Assigned task: Pictures are not repeated. Every line from the beginning of the entries through the one with "Color Block Off The Shoulder Skirt Set" is restated exactly.

Stored items from a collection:
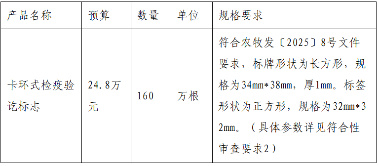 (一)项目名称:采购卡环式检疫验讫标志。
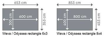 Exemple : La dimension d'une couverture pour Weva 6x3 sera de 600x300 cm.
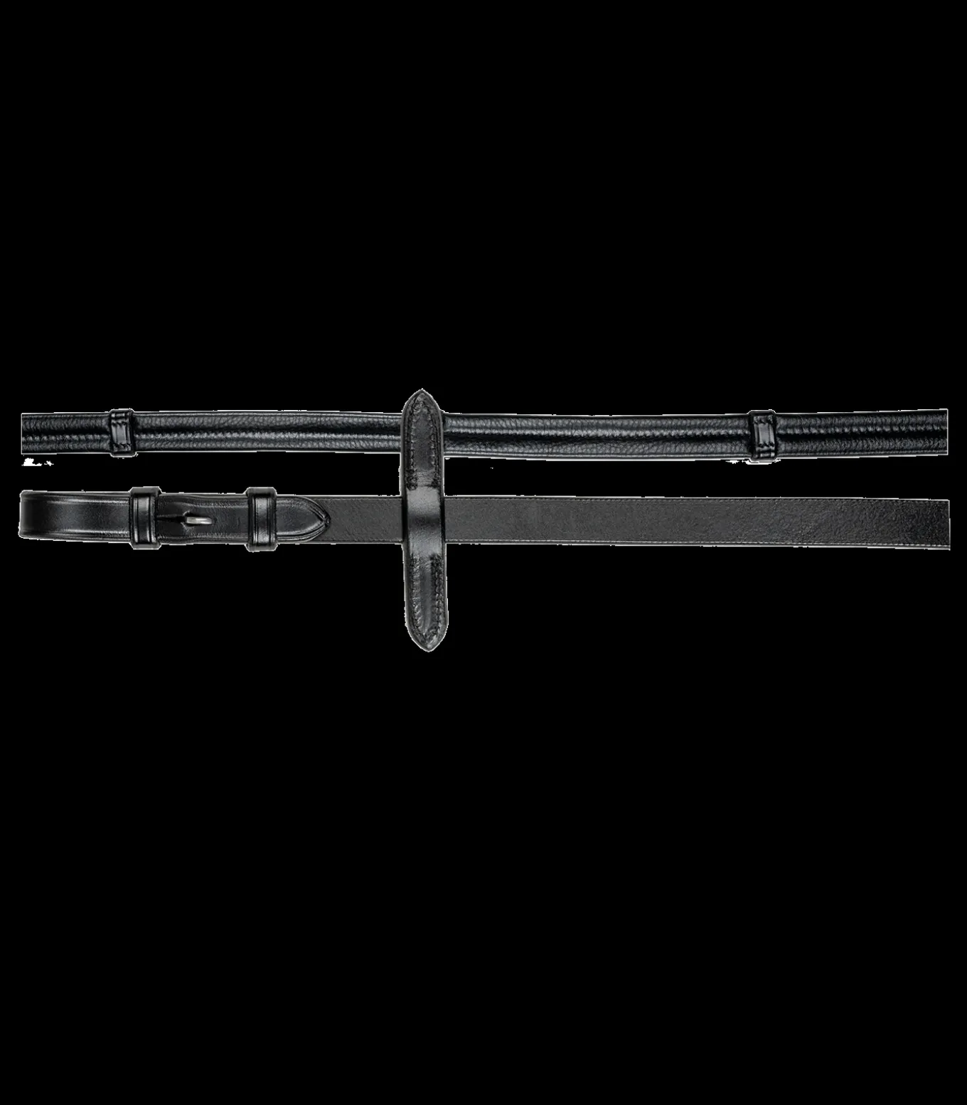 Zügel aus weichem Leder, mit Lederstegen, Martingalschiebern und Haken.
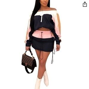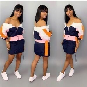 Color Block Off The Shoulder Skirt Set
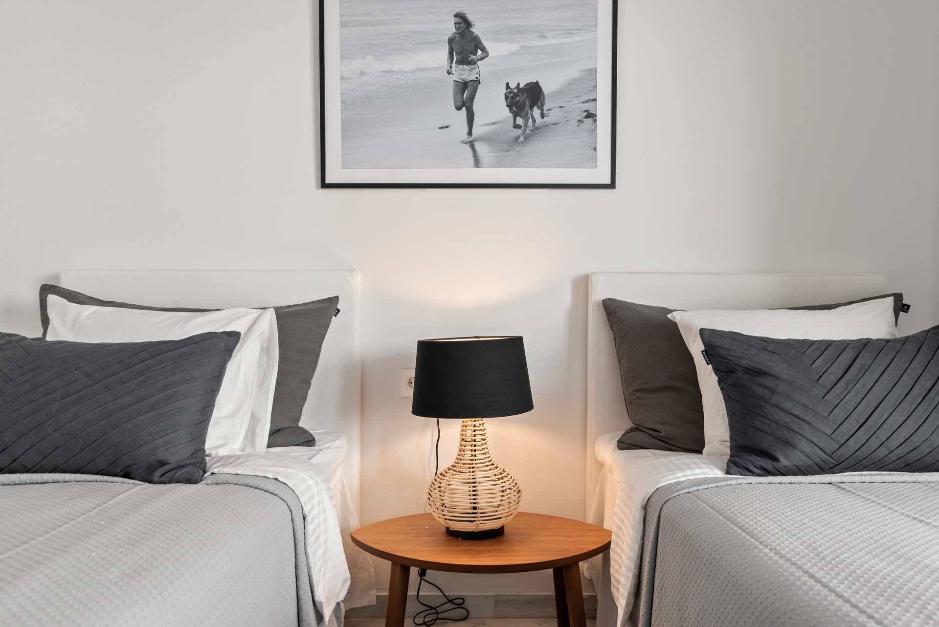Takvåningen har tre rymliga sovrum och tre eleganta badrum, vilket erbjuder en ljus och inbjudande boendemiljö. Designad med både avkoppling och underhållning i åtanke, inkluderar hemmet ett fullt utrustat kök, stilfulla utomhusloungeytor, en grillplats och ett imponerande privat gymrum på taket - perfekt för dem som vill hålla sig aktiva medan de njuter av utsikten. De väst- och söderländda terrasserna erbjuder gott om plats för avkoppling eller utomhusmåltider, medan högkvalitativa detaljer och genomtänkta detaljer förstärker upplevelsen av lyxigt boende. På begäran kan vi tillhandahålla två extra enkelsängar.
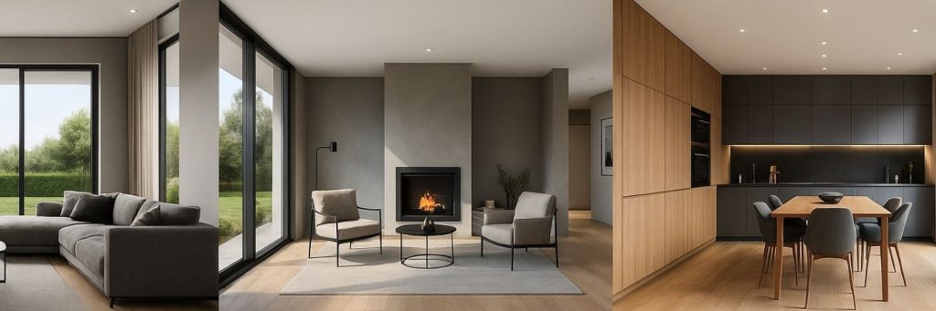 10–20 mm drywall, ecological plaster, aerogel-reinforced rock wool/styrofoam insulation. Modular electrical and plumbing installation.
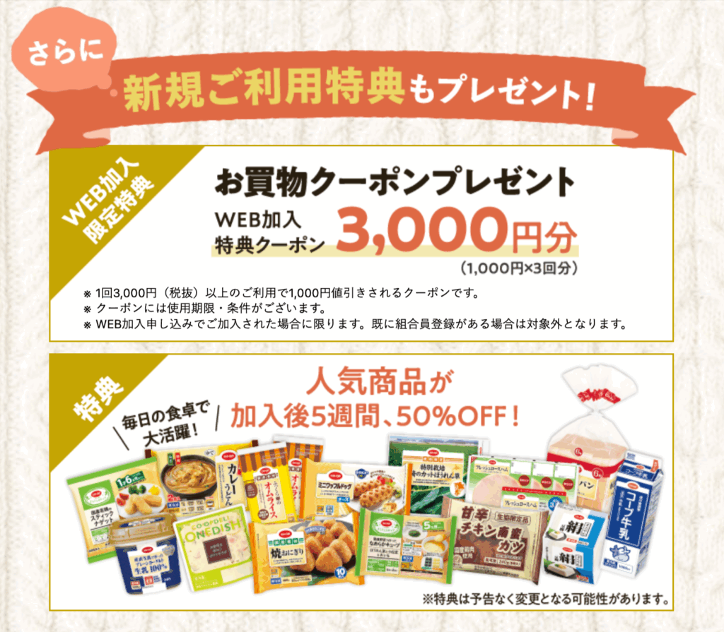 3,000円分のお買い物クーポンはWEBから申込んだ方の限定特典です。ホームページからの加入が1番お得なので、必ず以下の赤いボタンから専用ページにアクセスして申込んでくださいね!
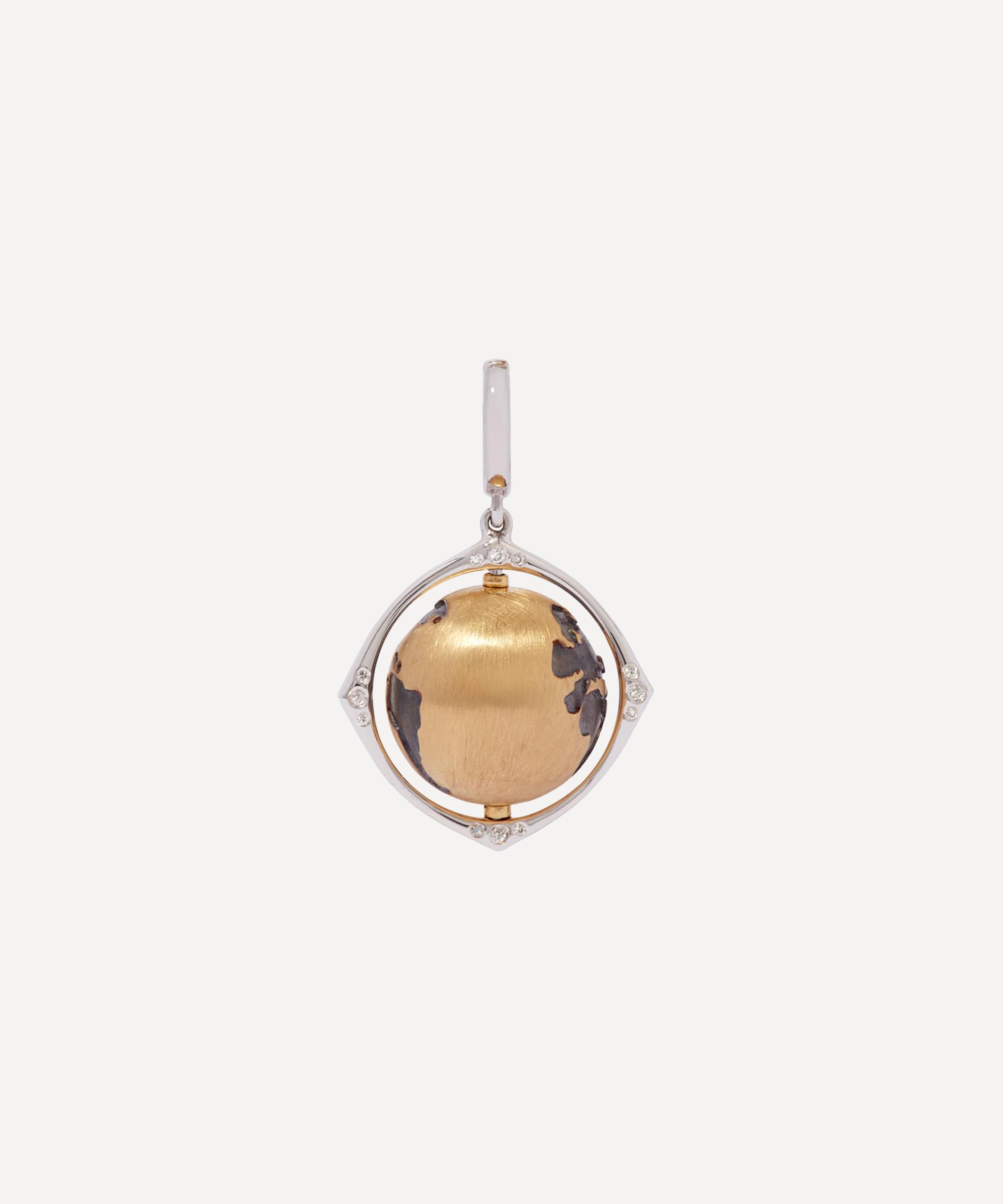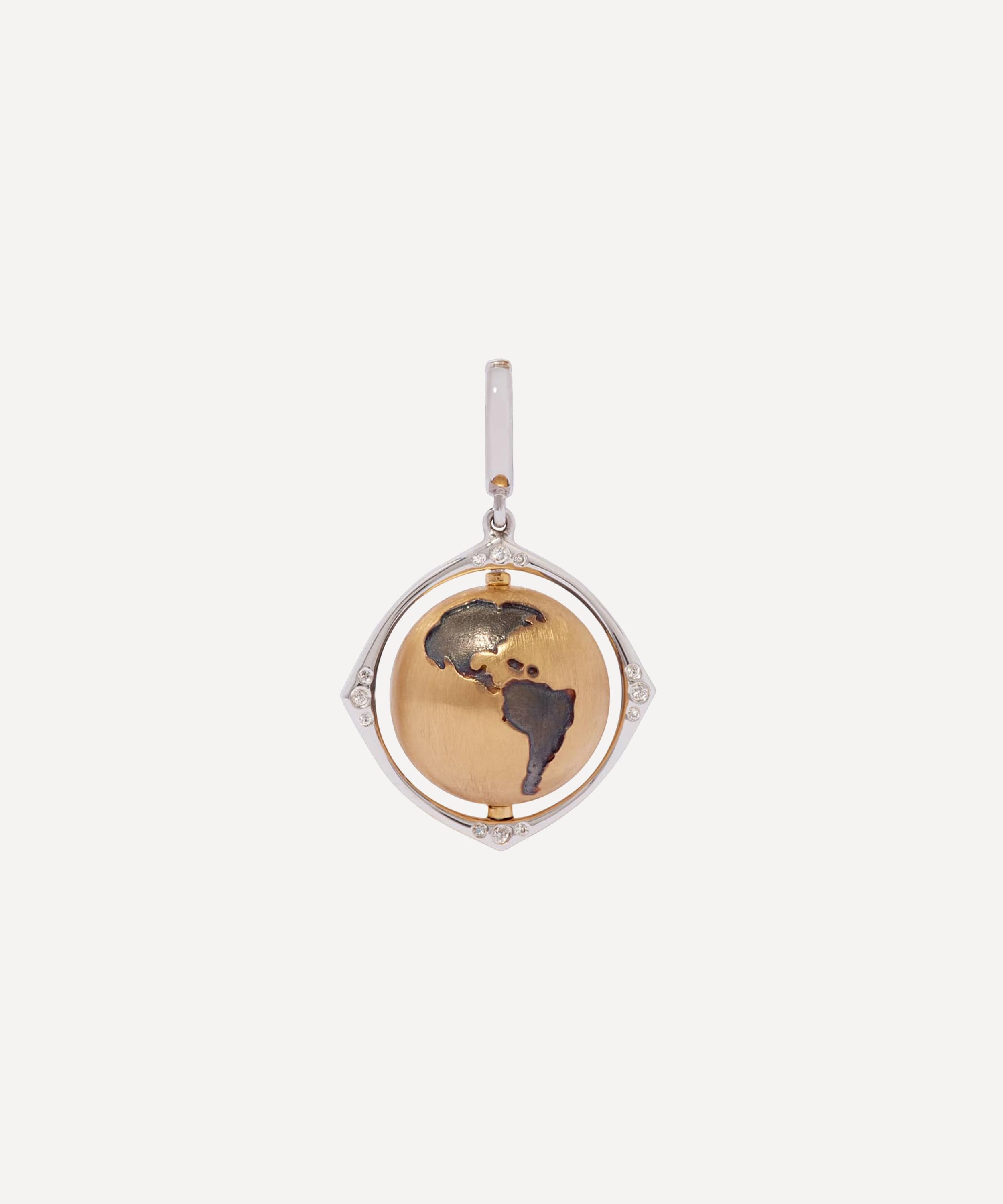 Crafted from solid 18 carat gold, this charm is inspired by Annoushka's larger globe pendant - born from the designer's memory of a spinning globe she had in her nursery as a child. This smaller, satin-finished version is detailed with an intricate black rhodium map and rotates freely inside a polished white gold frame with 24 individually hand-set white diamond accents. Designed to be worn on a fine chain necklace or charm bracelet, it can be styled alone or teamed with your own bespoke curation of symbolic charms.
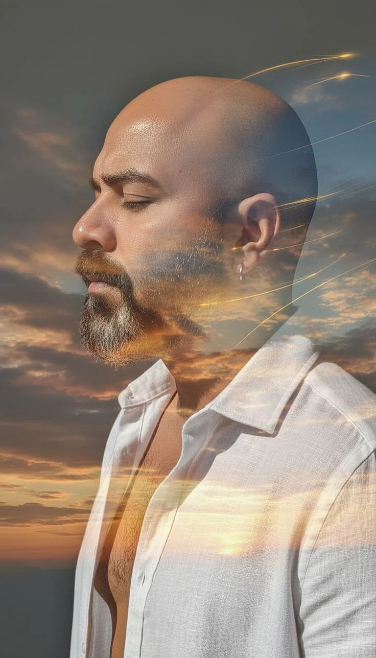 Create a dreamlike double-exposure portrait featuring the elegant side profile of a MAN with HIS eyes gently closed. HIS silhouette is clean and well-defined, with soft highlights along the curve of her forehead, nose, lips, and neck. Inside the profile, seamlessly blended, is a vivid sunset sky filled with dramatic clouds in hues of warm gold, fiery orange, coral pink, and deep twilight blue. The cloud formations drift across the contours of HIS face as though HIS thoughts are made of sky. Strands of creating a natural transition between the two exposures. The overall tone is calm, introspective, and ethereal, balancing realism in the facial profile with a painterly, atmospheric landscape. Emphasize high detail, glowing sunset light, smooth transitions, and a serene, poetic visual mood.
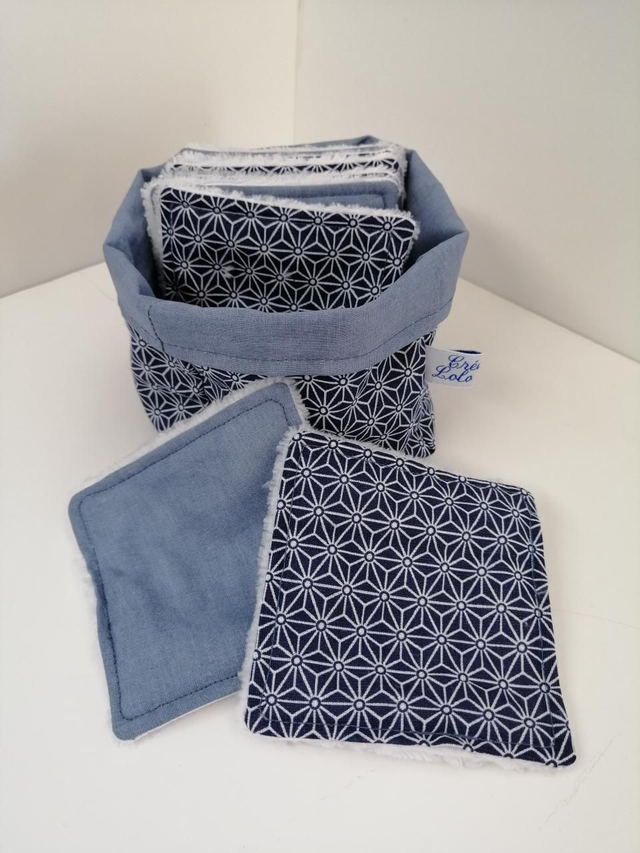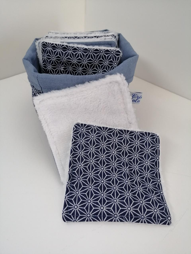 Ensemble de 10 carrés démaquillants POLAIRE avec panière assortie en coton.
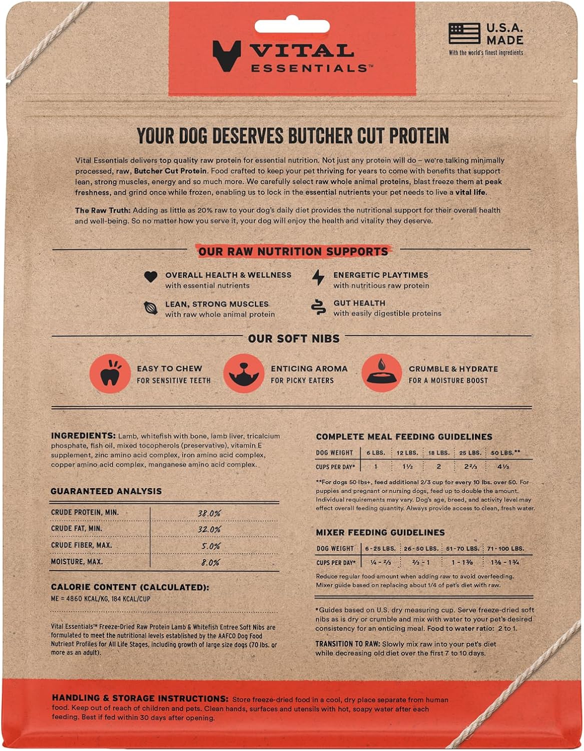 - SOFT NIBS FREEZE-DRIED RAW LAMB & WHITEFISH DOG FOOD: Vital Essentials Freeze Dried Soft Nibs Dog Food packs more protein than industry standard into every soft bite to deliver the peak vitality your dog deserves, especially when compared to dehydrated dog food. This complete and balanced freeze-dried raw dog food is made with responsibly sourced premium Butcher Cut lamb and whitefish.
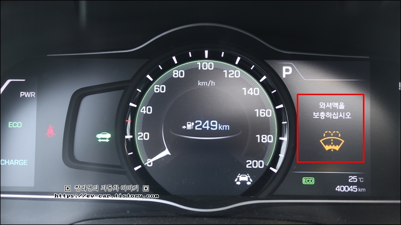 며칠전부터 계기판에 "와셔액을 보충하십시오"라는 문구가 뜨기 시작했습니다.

Task output:
 (一)项目名称:采购卡环式检疫验讫标志。
 Exemple : La dimension d'une couverture pour Weva 6x3 sera de 600x300 cm.
 Zügel aus weichem Leder, mit Lederstegen, Martingalschiebern und Haken.
 Color Block Off The Shoulder Skirt Set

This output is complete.